Reflexionábamos la semana pasada acerca de la importancia del perdón, sobre todo en las relaciones entre personas cercanas. Parecería, sin embargo, que vivir el perdón no siempre implica a dos personas. Muchas veces debemos vivir el perdón, en primer lugar, con nosotros mismos. Podría sonar sencillo, pero a veces –quizás lo hemos experimentado en primera persona– qué difícil resulta perdonarse a uno mismo incluso cuando sabemos que Dios ya nos ha perdonado.

El reconocer que uno ha actuado mal, que incluso ha herido o dañado a otros, es ya un primer paso importante. Dejar de lado cualquier vanidad o soberbia, cualquier perfeccionismo, para aceptar humildemente el error es fundamental. La verdad es un componente importantísimo del perdón. En primer lugar, la verdad sobre lo ocurrido, sin intentar obviar nuestras equivocaciones. En segundo lugar, la verdad acerca del amor de Dios, que nos señala siempre el horizonte de la misericordia y la posibilidad de conversión.

En este sentido, la confesión sacramental nos da el perdón último que necesitamos y que solo Dios puede ofrecer. Es sobre el perdón de Dios, que nunca nos faltará, que podemos crecer en el perdón de nosotros mismos.

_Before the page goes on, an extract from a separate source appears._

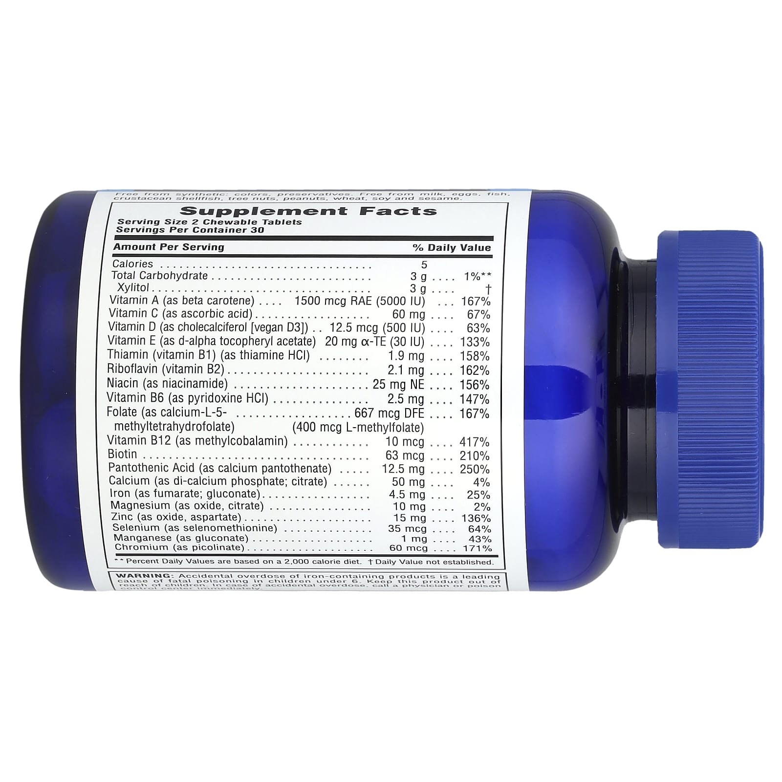 | Фолат (в виде кальция L-5-метилтетрагидрофолата) | 667 мкг пищевого фолатного эквивалента (400 мкг L-метилфолата) | 167% |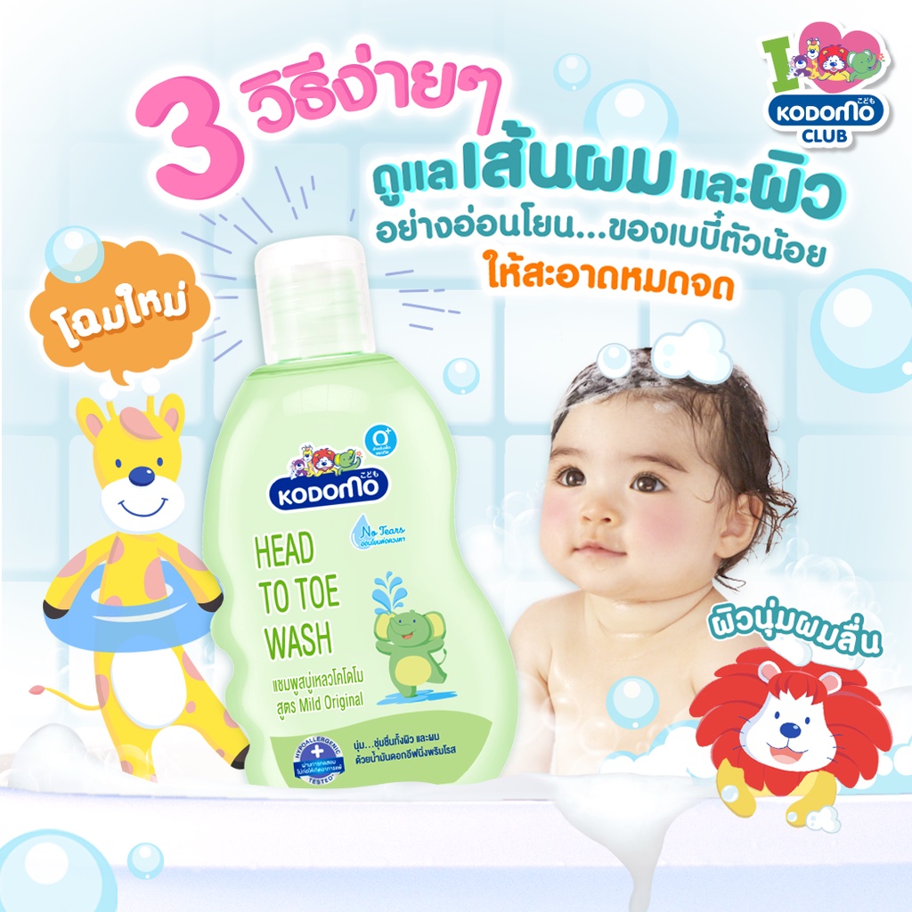KODOMO Mild Original แชมพู สบู่เหล ว โคโดโม Head to Toe Wash ขวดปั๊ม 400 มล.

Perdonarse a sí mismo no es ceguera ni ser laxos con uno mismo. No es obviar nuestras faltas, ni minimizar los errores. Es aceptar que no somos “perfectos” en todo, ni tenemos por qué serlo. La perfección que necesitamos es la del amor, y esa acepta y asume las propias limitaciones en el horizonte de una continua conversión y crecimiento en Cristo.

Perdonarse a uno mismo supone también aceptar los retos que tenemos adelante. ¿Cuántas veces es más fácil y cómodo una triste melancolía sobre nuestros errores, doliéndonos con supuesta buena intención, pero escondiendo por debajo una soberbia que nos lleva a no seguir luchando? La auto-compasión es un enemigo dulce y sensible, y en ocasiones muy difícil de vencer.

Perdonarse a uno mismo es aceptar que Dios nos sigue invitando a la santidad y a cumplir el plan que tiene para nosotros. Por eso, en este sentido, incluso el perdón a uno mismo también supone a dos personas: a nosotros mismos y a Dios.

Precisamente el plan que tiene para nosotros supone nuestras fragilidades y posibilidades y mira hacia el futuro. En el lago de Tiberíades, luego de la Resurrección, Jesús renovó a Pedro en su misión. En el fondo, la única pregunta que le hizo, luego de las terribles negaciones del apóstol, fue acerca del amor. Pedro renueva su amor en Jesús y la respuesta del Señor es señalar el horizonte, indicarle que deberá seguir amando y que sus limitaciones no son, en última instancia, impedimentos para responder al plan de amor del Padre.

A Pedro seguramente le costó, pero logró perdonarse a sí mismo, aprendiendo de sus errores. Quizás se acercó así también a la experiencia de tantos hermanos en la fe que peregrinan hacia el Señor en medio de caídas y fragilidades, ayudándolo a comprenderlos mejor para señalarles ­–como hizo el Señor con él mismo– el horizonte del perdón y la reconciliación que Dios nos ofrece siempre, en todo momento, aquí y ahora.